== Data for this task ==
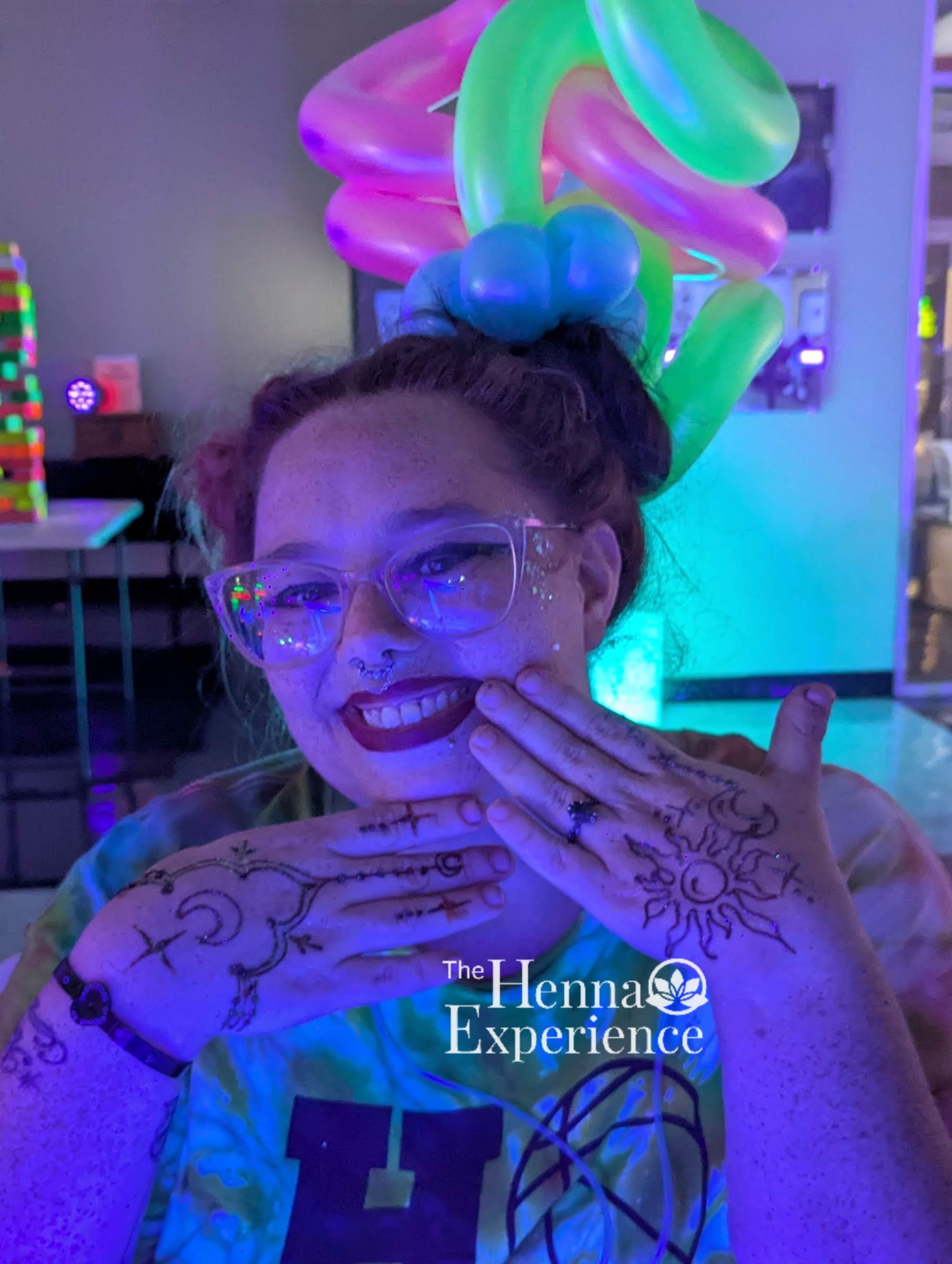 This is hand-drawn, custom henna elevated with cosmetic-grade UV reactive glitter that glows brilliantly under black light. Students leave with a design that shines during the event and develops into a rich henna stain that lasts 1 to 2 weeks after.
===
== Data for this task ==
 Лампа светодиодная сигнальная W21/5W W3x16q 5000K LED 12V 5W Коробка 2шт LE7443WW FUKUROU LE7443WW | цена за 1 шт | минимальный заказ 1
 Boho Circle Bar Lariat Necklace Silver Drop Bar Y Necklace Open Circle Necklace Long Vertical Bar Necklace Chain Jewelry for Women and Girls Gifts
===
== Data for this task ==
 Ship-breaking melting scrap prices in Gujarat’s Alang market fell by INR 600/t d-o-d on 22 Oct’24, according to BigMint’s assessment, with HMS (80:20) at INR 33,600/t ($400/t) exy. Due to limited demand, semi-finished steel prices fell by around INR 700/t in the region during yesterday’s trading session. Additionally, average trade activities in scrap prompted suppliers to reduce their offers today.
===
*Requirement*
In the data above, find the line with "Лампа светодиодная сигнальная" and the line with "Boho Circle Bar". Retype both, plus every line between them, exactly.

*Task solution*
 Лампа светодиодная сигнальная W21/5W W3x16q 5000K LED 12V 5W Коробка 2шт LE7443WW FUKUROU LE7443WW | цена за 1 шт | минимальный заказ 1
 Boho Circle Bar Lariat Necklace Silver Drop Bar Y Necklace Open Circle Necklace Long Vertical Bar Necklace Chain Jewelry for Women and Girls Gifts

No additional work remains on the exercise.